“Movement is attended with much risk”
—Antietam Campaign 1862 —
(preface)
After Confederate Gen. Robert E. Lee's smashing victory over Union Gen. John Pope at Second Battle of Manassas, Lee decided to invade Maryland to reap the fall harvest, gain Confederate recruits, earn foreign recognition of the Confederacy, and perhaps compel the Union to sue for peace. The Army of Northern Virginia crossed the Potomac River on September 4, 1862. Lee divided his force, detaching Gen. Thomas J. "Stonewall" Jackson's corps to capture Harpers Ferry. At Antietam Creek on September 17, Gen. George B. McClellan's Army of the Potomac fought Lee's men to a bloody draw. Lee retreated to Virginia September 18-19
(main text)
Confederate Gen. Robert E. Lee's 40,000-man Army of Northern Virginia arrived in Loudoun County early September 1862. Lee's cavalry skirmished on September 2 with the Union Loudoun Rangers near Leesburg courthouse and north of town at Mile Hill and New Valley Church.
Lee's main force marched into Leesburg Thursday, September 4. After conferring with key subordinates at Harrison Hall that night and the next morning, Lee ordered his army across the Potomac River into Maryland. He wrote Confederate President Jefferson Davis earlier, "I am aware that the movement is attended with much risk, yet I do not consider success impossible, and shall endeavor to guard
it from loss." As a tentative step, Lee had sent D.H. Hill across the river Thursday afternoon at three fords from here to Point of Rocks. At midday on September 5, Stonewall Jackson crossed his main force here at White's Ford. The property was owned by local Confederate cavalry Major E.V. White who served as Jackson's guide into Maryland.
Gen. James Longstreet's wing followed Jackson's and completed its crossing the next day. After feinting toward Washington, Gen. J.E.B. Stuart's cavalry brought up the rear of the army in the afternoon. Maj. Heros von Borcke, a Prussian serving on Stuart's staff, observed, "The passage f the Potomac by the cavalry column occupied about two hours, and was attended with some difficulty to our artillery, as the water in many places rose quite up to the middle of the horse's bodies.
After crossing, Lee's army consolidated near Frederick, Maryland. The Maryland Campaign had begun.
(sidebar)
Other Notable Wartime Activity Here:
Oct. 12, 1862- Confederate Gen. J.E.B. Stuart and his cavalrymen returned from Maryland after a raid to Chambersburg, Pennsylvania.
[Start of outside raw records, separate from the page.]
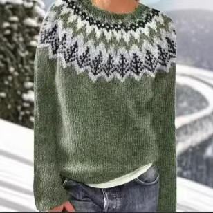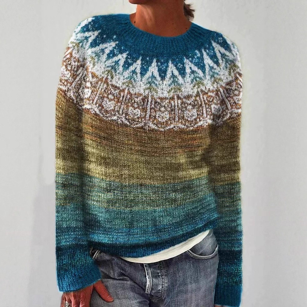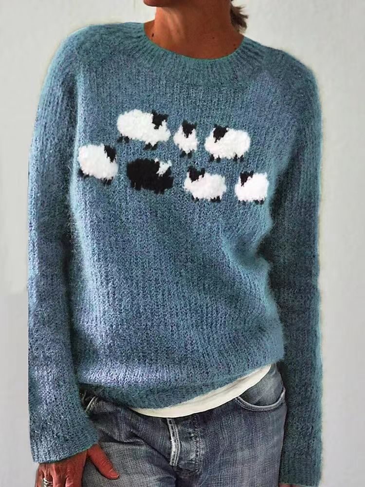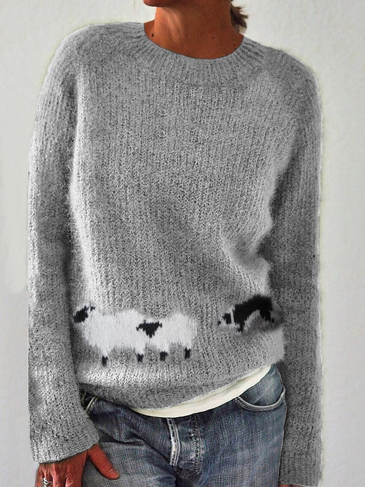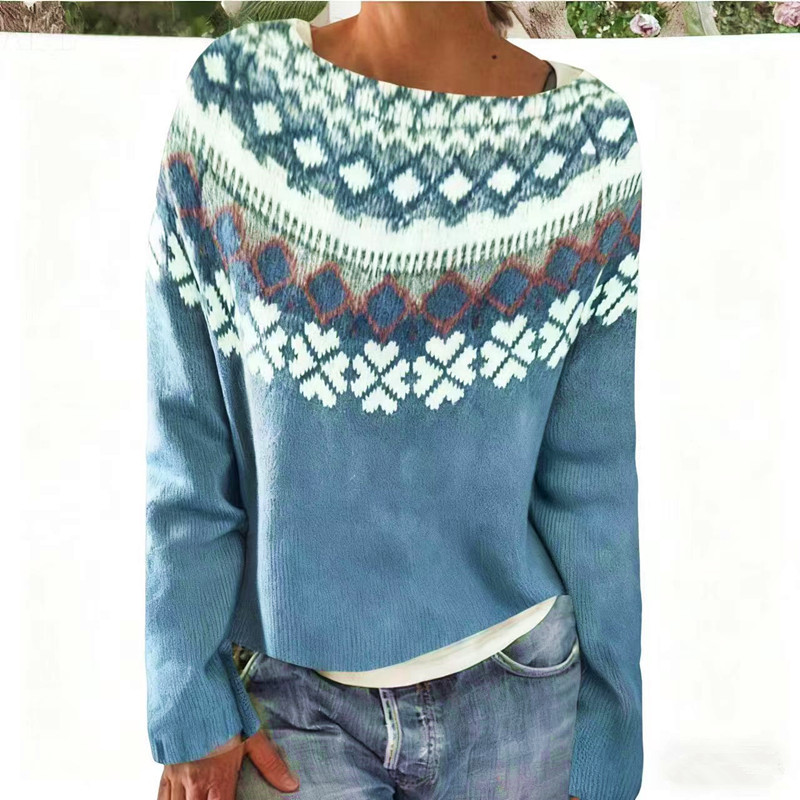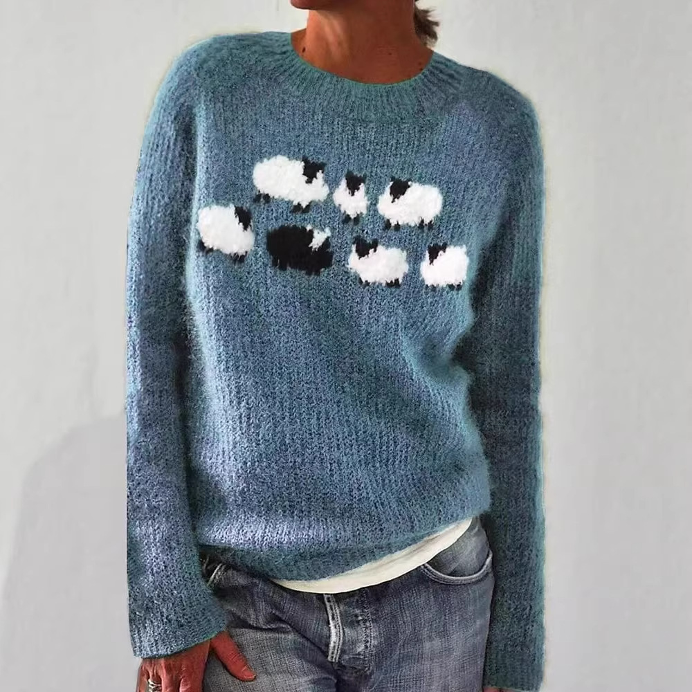 Amazon Европейский и американский новый трикотаж для женщин, популярный свободный модный пуловер с круглым вырезом в тон, трикотаж
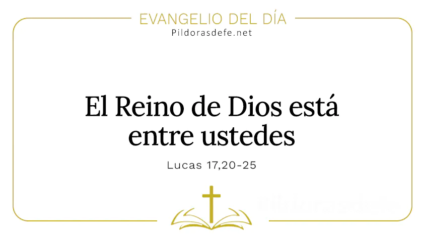 En el Evangelio de hoy jueves, según San Lucas 17,20-25, leemos: "Porque el Reino de Dios está entre ustedes". ¿Qué nos dice el Evangelio del día de hoy? La Palabra diaria nos llama a descubrir que el Reino de Dios no es un acontecimiento futuro o lejano, sino una realidad viva que habita en cada uno de nosotros.
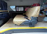 車内には、ストレッチャーが搭載してます。ハイエースの大型サイズとなってますので、ゆったりとした移動が出来ます。また、ストレッチャーには、布団・マットレスが敷いてあります。寝ながら映画などが見れるようになってます

Oct. 28, 1862- Union troops crossed at White's Ford as part of the long-delayed Federal advance after the Battle of Antietam
Dec. 15, 1862- Confederate Maj. Elijah V. White returns by way of White's Ford from a rain on Poolesville,
Maryland.
Aug. 27, 1863- White crosses here again while scouting Federal pickets along the Potomac River.